Я вернулась к себе в палату, чувствуя себя больной и опустошенной. Снова я ощутила, что мое настроение зависит от Дэвида: когда он улыбался, я была на седьмом небе от счастья, когда я впадала у него в немилость, то чувствовала себя одинокой и потерянной, словно ребенок, заблудившийся в темноте.
Я вспомнила свой первый день в Райминстере, то, как поразил и заинтересовал меня доктор Коллендер. Если бы я знала тогда, что от него будет зависеть мое эмоциональное состояние, возможно, я бы убралась отсюда, пока еще на сердце у меня было легко и свободно.
Неужели убралась бы? Веселая и беззаботная, раньше я жила практически на поверхности жизни. Сам того не сознавая, Дэвид Коллендер навсегда изменил мою жизнь.
Хотя в некотором роде он сделал меня лучше: любовь научила меня быть более чуткой и внимательной к другим людям, особенно к пациентам.
Именно поэтому меня так расстроили его последние слова. Уж кто угодно, только не я стану рассматривать психические заболевания как предмет для шутки.
Мне было очень больно от такой несправедливости.
После столь неприятного рабочего дня мне не хотелось снова встречаться с инициативной группой по организации шоу, собрание которой было назначено на этот вечер. Но все же я туда пошла, зная, что меня будет ждать Иуда. Вообще-то он мне очень нравился и с ним было весело, но я знала, что мы никогда не сможем быть больше чем друзьями. Но меня вполне устроило бы, если бы окружающие начали связывать наши имена. Так мне легче было бы скрывать мою тайную страсть к Дэвиду Коллендеру.
В этот вечер собрание началось с чернового прогона разных кусков шоу. К моему удивлению, на сцену очень уверенно поднялась Эйлин Дьюнн.

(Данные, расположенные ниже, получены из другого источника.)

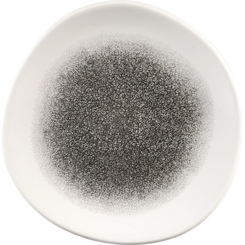 CHURCHILL Raku Quartz sekély porcelántányér fekete kvarcszínben, organikus formával. A tányér átmérője 286 mm. Ideális főételek tálalásához vagy dekorációs elemként.

— Я бы хотела показать вам некоторых лиц из персонала нашей клиники, — провозгласила она.
То, что последовало за этим, было одной из талантливейших пародий, какие я когда-либо видела. Вряд ли был хотя бы один человек, которого бы мы не узнали.
Каждое новое лицо мы встречали с криками одобрения и удовольствия. Доктор Ингрэм, дородный и напыщенный, мистер Хорас Мэйхью, сестра-хозяйка, сестра-смотрительница… Это было не только невероятно смешно, но и остросатирично. Когда Эйлин наконец поклонилась и сошла со сцены, раздался гром аплодисментов.